Material for this exercise

:::::

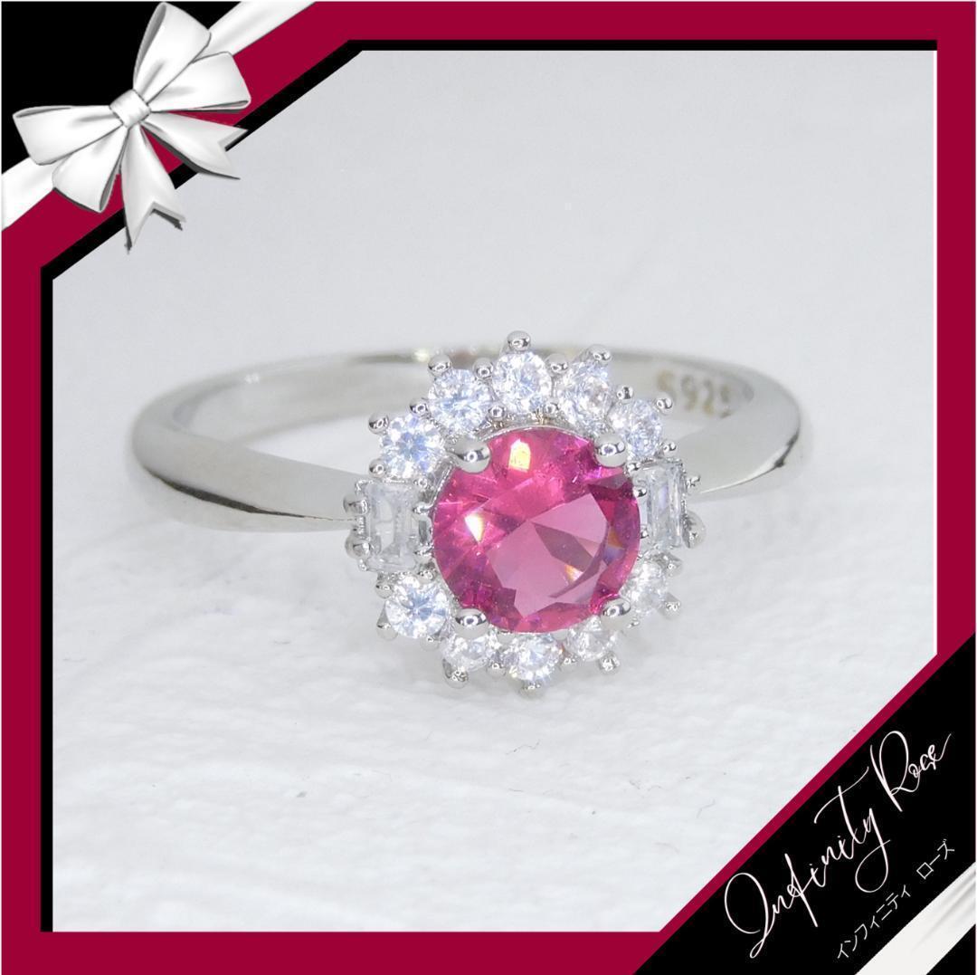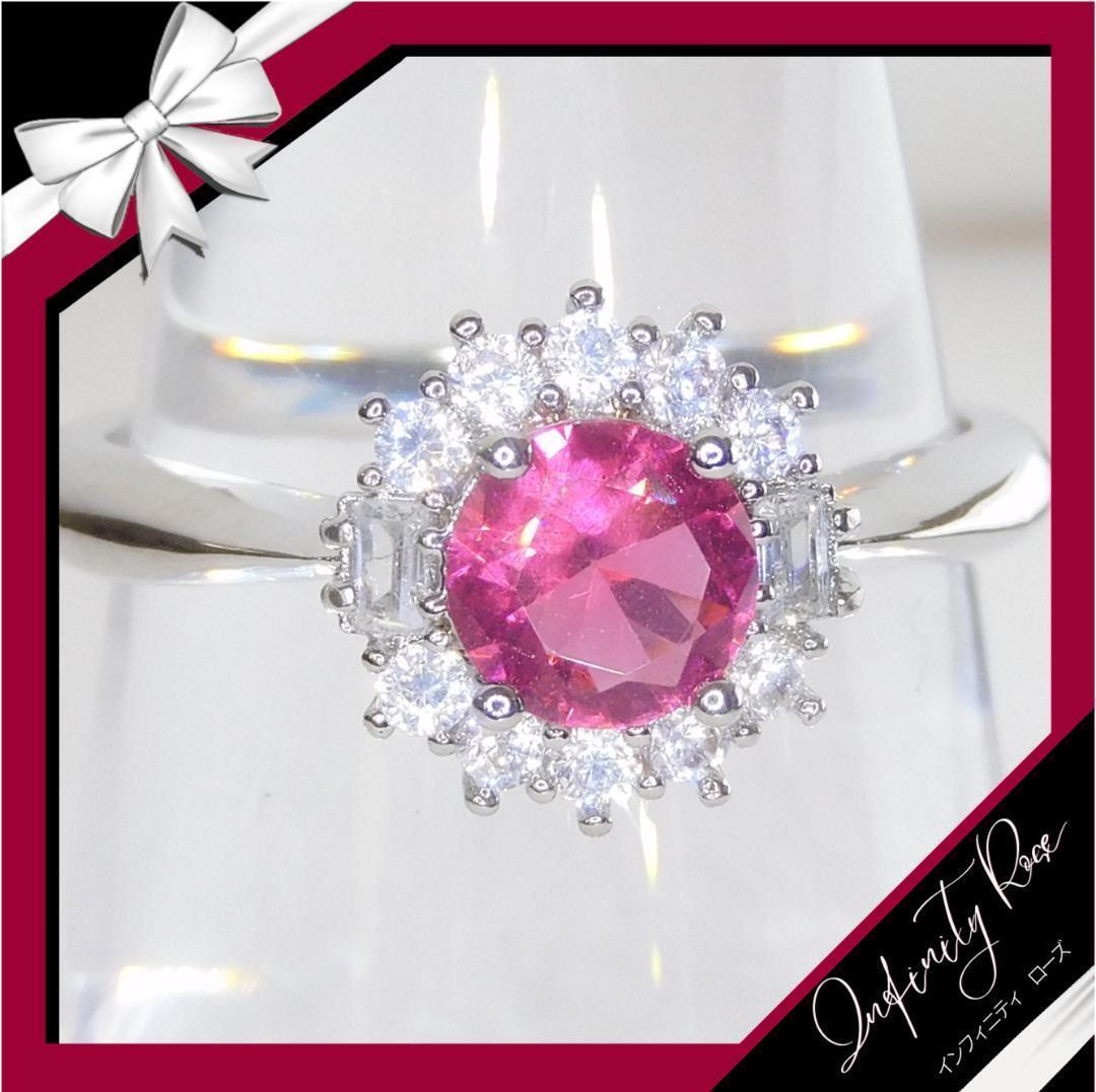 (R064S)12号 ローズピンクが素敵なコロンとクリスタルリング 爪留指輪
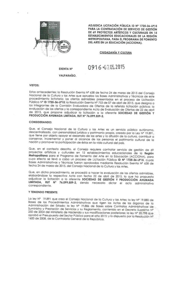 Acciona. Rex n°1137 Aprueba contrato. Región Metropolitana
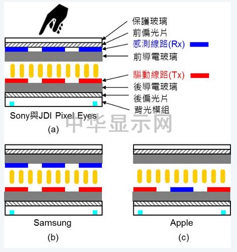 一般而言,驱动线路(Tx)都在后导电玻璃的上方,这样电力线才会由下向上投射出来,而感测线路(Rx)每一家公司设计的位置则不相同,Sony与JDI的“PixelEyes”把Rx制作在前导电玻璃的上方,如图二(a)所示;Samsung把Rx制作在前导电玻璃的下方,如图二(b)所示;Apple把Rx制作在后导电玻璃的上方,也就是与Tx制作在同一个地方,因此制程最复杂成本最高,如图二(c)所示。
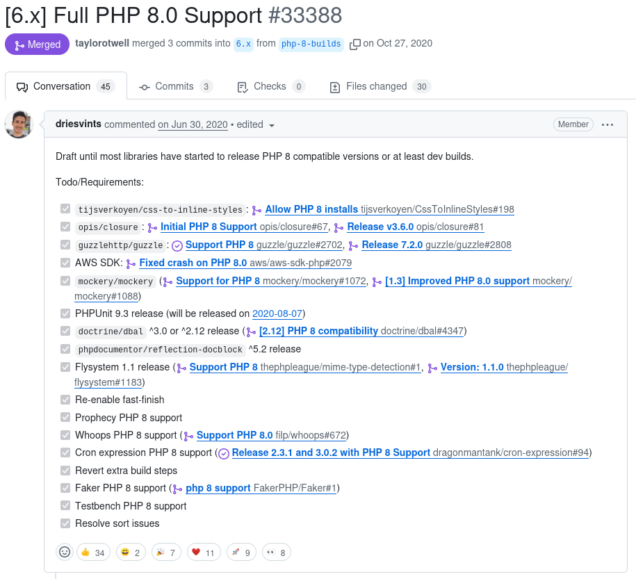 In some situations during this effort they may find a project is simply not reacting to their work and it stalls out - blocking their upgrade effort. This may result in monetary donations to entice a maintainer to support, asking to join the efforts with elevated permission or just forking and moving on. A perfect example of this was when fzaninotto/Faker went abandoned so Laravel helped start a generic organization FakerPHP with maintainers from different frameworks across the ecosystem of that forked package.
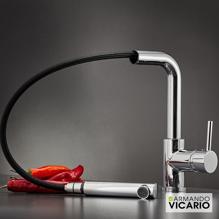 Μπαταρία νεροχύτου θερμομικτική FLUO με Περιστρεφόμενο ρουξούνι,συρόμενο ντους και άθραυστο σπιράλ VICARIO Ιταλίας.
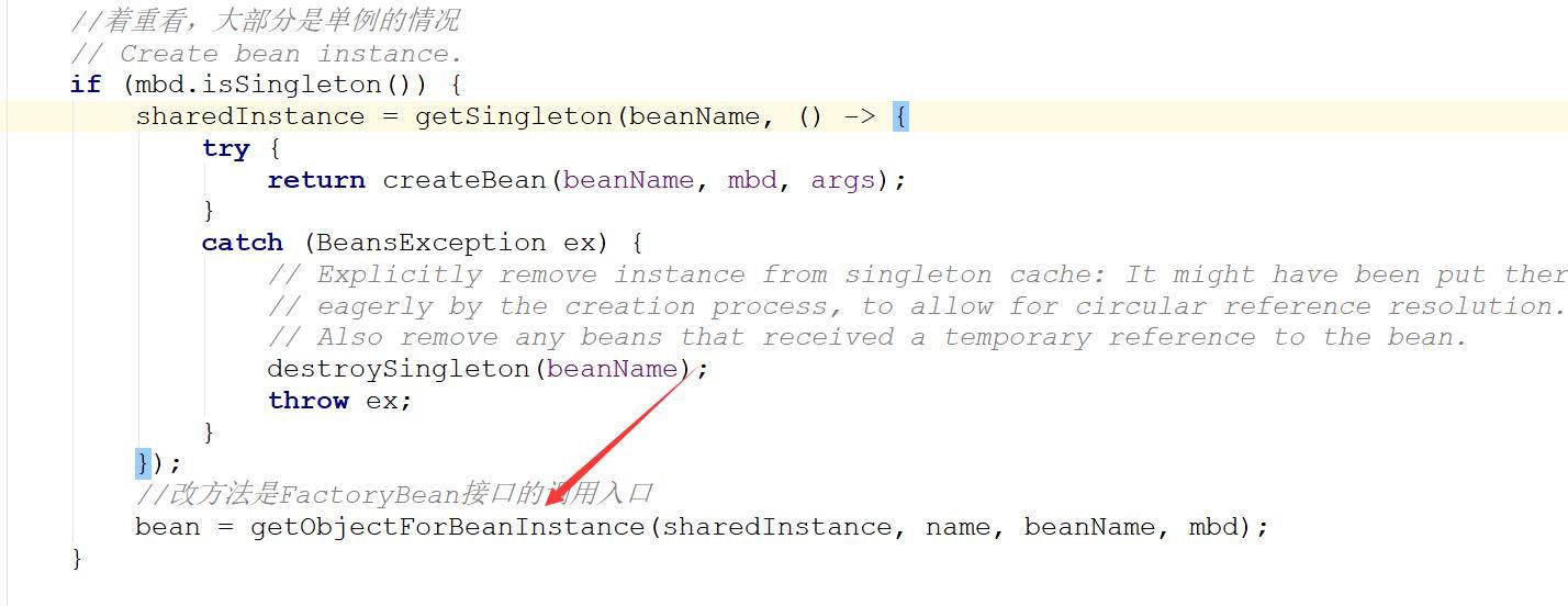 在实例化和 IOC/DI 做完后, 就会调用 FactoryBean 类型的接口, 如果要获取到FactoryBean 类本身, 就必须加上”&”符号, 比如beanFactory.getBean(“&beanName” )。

:::::

Work instructions
The lines from the one containing "Μπαταρία νεροχύτου θερμομικτική" up to and including the last line of the material above are to be given again exactly; any pictures are dropped.

Worked solution
 Μπαταρία νεροχύτου θερμομικτική FLUO με Περιστρεφόμενο ρουξούνι,συρόμενο ντους και άθραυστο σπιράλ VICARIO Ιταλίας.
 在实例化和 IOC/DI 做完后, 就会调用 FactoryBean 类型的接口, 如果要获取到FactoryBean 类本身, 就必须加上”&”符号, 比如beanFactory.getBean(“&beanName” )。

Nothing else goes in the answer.